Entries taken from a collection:
______
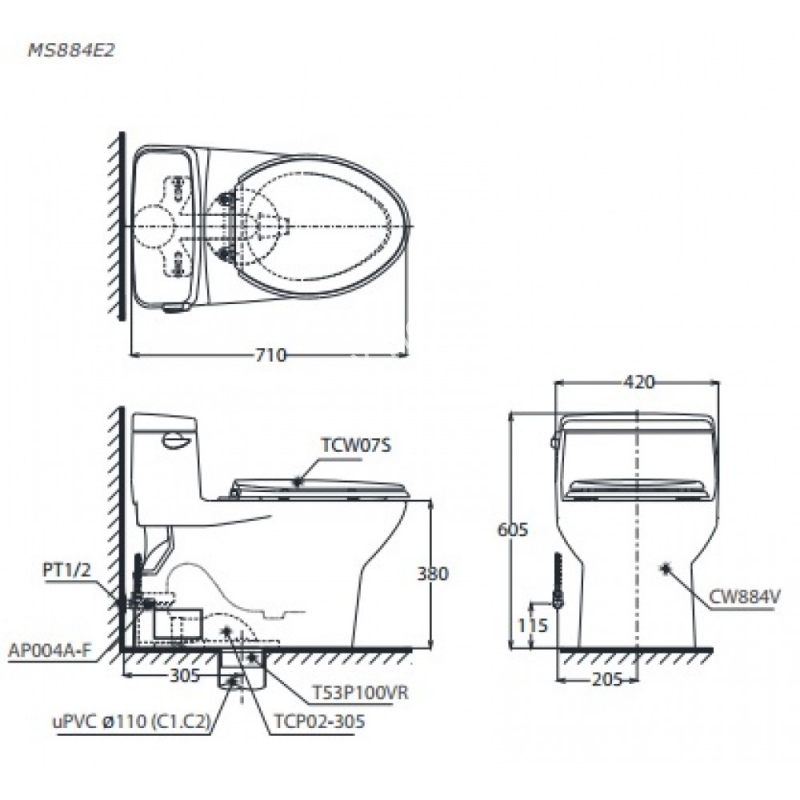 Bàn Cầu TOTO MS884E2 Một Khối Nắp Cơ (Hết hàng)
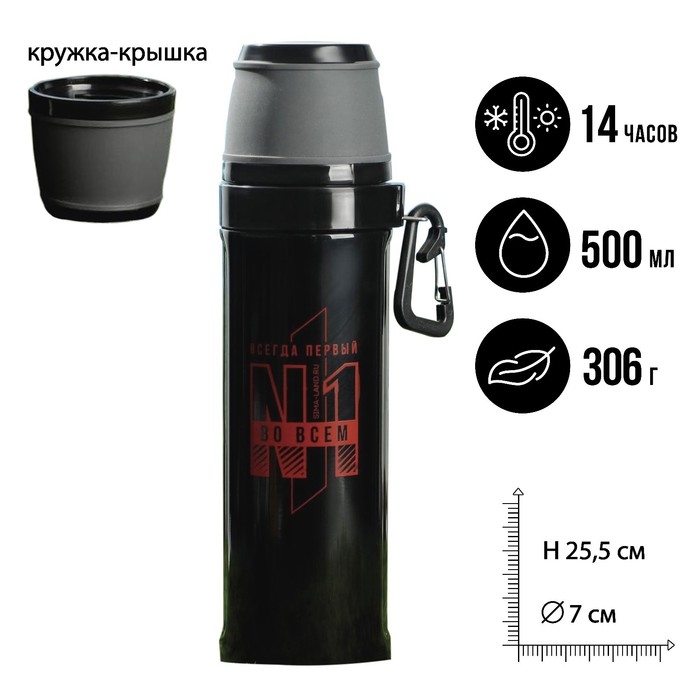 Термос с карабином «Всегда первый», 500 мл, сохраняет тепло 14 ч
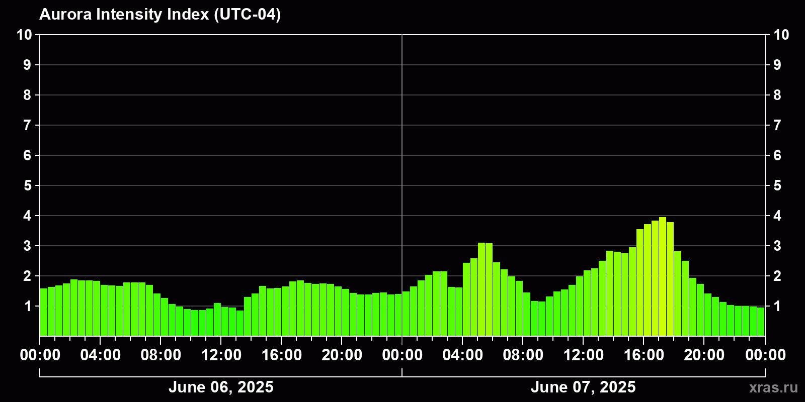 Auroral intensity index and the theoretically possible latitude of observations for nighttime in the Western Hemisphere as of 2025-06-07 23:58 (end of day) local time
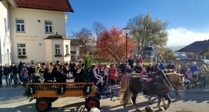 Und wie es sich gehört, sind wir dann noch länger geblieben, die Greimhartinger Dorfgemeinschaft hat für gutes Essen und Trinken gesorgt und so war es wieder a scheens Zsamma kemma bei bester Unterhaltung. Drinnen in der vollbesetzten Gemeindehalle spielte die Musikkapelle Prien zünftig auf und auch draußen saß man gemütlich an den Biertischen beinander und immer wieder hörte man: „Ja Griasdi, schee dass ma uns wieder moi sehn!“.
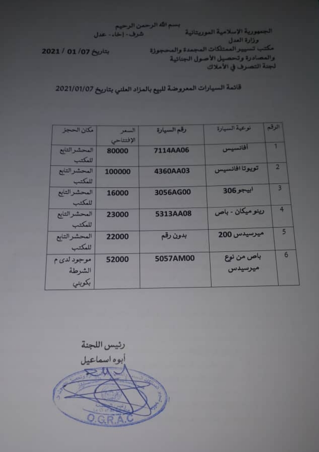 تعلن لجنة التصرف في الأملاك عن تنظيم مزاد علني لبيع بعض المحجوزات (المبينة في الصورة المرفقة) بعضها في انواذيبو والبعض الآخر في المحشر التابع للمكتب، وعلى الراغبين في المشاركة في هذا المزاد التقدم بعروضهم عبر الإستمارة المرفقة مصحوبة بوصل دفع مبلغ 1000 اوقية لدى الخزينة العامة ، في الفترة ما بين يوم الخميس الموافق 01/07/2021 إلى غاية يوم الأثنين الموافق 12/07/2021 في ظروف مغلقة أو عن طريق ارسال
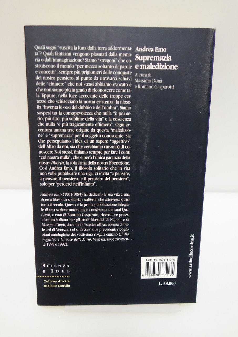 SUPREMAZIA E MALEDIZIONE DIARIO FILOSOFICO 1973 ANDREA EMO RAFFAELLO CORTINA ED. | Libri antichi e moderni |
______
Reprint every record exactly and skip the pictures.

> Solution to this task
 Bàn Cầu TOTO MS884E2 Một Khối Nắp Cơ (Hết hàng)
 Термос с карабином «Всегда первый», 500 мл, сохраняет тепло 14 ч
 Auroral intensity index and the theoretically possible latitude of observations for nighttime in the Western Hemisphere as of 2025-06-07 23:58 (end of day) local time
 Und wie es sich gehört, sind wir dann noch länger geblieben, die Greimhartinger Dorfgemeinschaft hat für gutes Essen und Trinken gesorgt und so war es wieder a scheens Zsamma kemma bei bester Unterhaltung. Drinnen in der vollbesetzten Gemeindehalle spielte die Musikkapelle Prien zünftig auf und auch draußen saß man gemütlich an den Biertischen beinander und immer wieder hörte man: „Ja Griasdi, schee dass ma uns wieder moi sehn!“.
 تعلن لجنة التصرف في الأملاك عن تنظيم مزاد علني لبيع بعض المحجوزات (المبينة في الصورة المرفقة) بعضها في انواذيبو والبعض الآخر في المحشر التابع للمكتب، وعلى الراغبين في المشاركة في هذا المزاد التقدم بعروضهم عبر الإستمارة المرفقة مصحوبة بوصل دفع مبلغ 1000 اوقية لدى الخزينة العامة ، في الفترة ما بين يوم الخميس الموافق 01/07/2021 إلى غاية يوم الأثنين الموافق 12/07/2021 في ظروف مغلقة أو عن طريق ارسال
 SUPREMAZIA E MALEDIZIONE DIARIO FILOSOFICO 1973 ANDREA EMO RAFFAELLO CORTINA ED. | Libri antichi e moderni |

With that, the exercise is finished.